В это время стал известен еще более странный факт касательно Загадки. Некий тополог в Париже погрузился в кому, во многом схожую с комой Диззарда. В этом случае не участвовал никакой компьютер. Бумаги математика были конфискованы французским правительством, но мы считаем, что он заинтересовался той же областью искусственного разума, что и Диззард, хотя и не был знаком с его работой. Примерно в это же время четверо сотрудников московского института вычислительной техники перестали появляться на международных конференциях и лично отвечать на корреспонденцию. ФБР высказало предположение, что Советский Союз путем рутинного шпионажа завладел записями группы Аутотомии.
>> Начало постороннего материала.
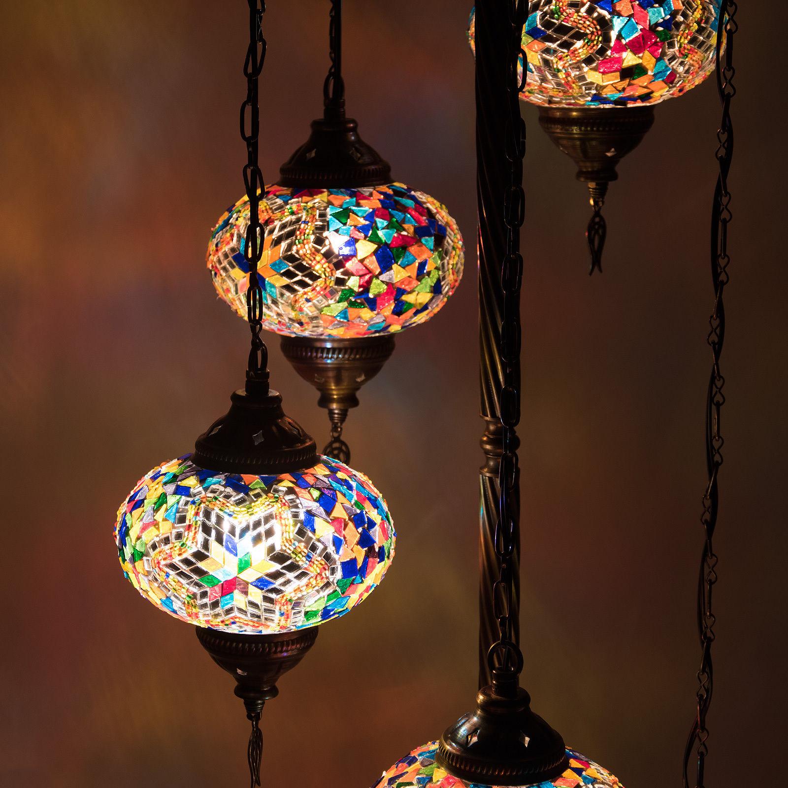 We supply to trade and private customers and ship worldwide. Get in touch today to see how we can help. TURKISH MOSAIC FLOOR LAMP , MEDIUM GLOBES, Globe Sizes:5. The coloured stained glass we use for making our mosaic lanterns is original and will not fade. You do not need to buy any bulb.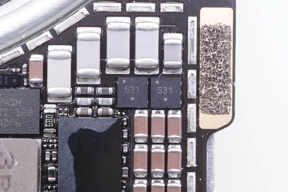 兩顆絲印531的MOS管,配合無線充電主控芯片內置的兩個開關管組成全橋。

Департамент Защиты начал работать с идеей использования Загадки в качестве оружия.

Последовали еще два случая, лингвист-теоретик и философ. Оба жили в Калифорнии, но, по-видимому, работали независимо друг от друга. Ни тот, ни другой не работали в той же области, что и Диззард, но оба были знакомы с разработанными им формальными методами, опубликованными в хорошо известной работе десять лет назад. Еще более тревожный случай касался биохимика, который работал над информационно-теоретическими моделями взаимодействия ДНК и РНК. (Правда, здесь оставалась возможность ложной тревоги, так как, впав в кому, биохимик беспрестанно кудахтал, как курица.)

Кома Загадки больше не могла считаться профессиональным заболеванием, относящимся к специальности Диззарда; по-видимому, она поджидала своих жертв в самых разных местах. Загадка и ее действие казались не только не зависящими от языка — они могли также не зависеть от рода занятий и встречаться повсеместно. Невозможно было с уверенностью установить границы интеллектуального карантина.

Кроме того, мы полагаем, что Загадка — это идея, чье время пришло, подобно многим автореферентным парадоксам (типа “Это высказывание ложно”), открытым в начале двадцатого века. Возможно, это отразилось в царящем сегодня мнении, что “информатика — это новое либеральное искусство”. Как только интеллектуальная почва была подготовлена, открытие Загадки стало неизбежным. Это стало ясным в прошлом году, когда большинство из многочисленной группы студентов, слушавших новый вводный курс по теории автоматов, погрузились в кому во время лекции. (Остальные впали в кому несколько часов спустя; их последним словом было “ага!”.) Когда подобные инциденты стали происходить повсюду, общественный протест привел к президентской пресс-конференции и этому отчету. Хотя царящая логикофобная атмосфера и требования закрыть университеты неразумны, нельзя считать кому Загадки всего лишь еще одним примером вышедших из-под контроля технологий. Например, недавний случай “Звуковой печи” в Миннеаполисе, когда параболический фасад здания сфокусировал шум от взлетающих самолетов, но убил только тех, кому не повезло оказаться в тот момент в фокусе параболы. Но даже если бы кома Загадки и являлась желательным состоянием для индивида (чем, по-видимому, она не является), настоящая эпидемия представляет собой беспрецедентную опасность для общества, поскольку такое количество людей сразу находятся в беспомощном состоянии. Можно только ожидать, что часть нашего научного сообщества — важнейшего элемента в обществе, — которая будет таким образом выведена из строя, будет неуклонно расти, по мере того, как распространяется идея Загадки.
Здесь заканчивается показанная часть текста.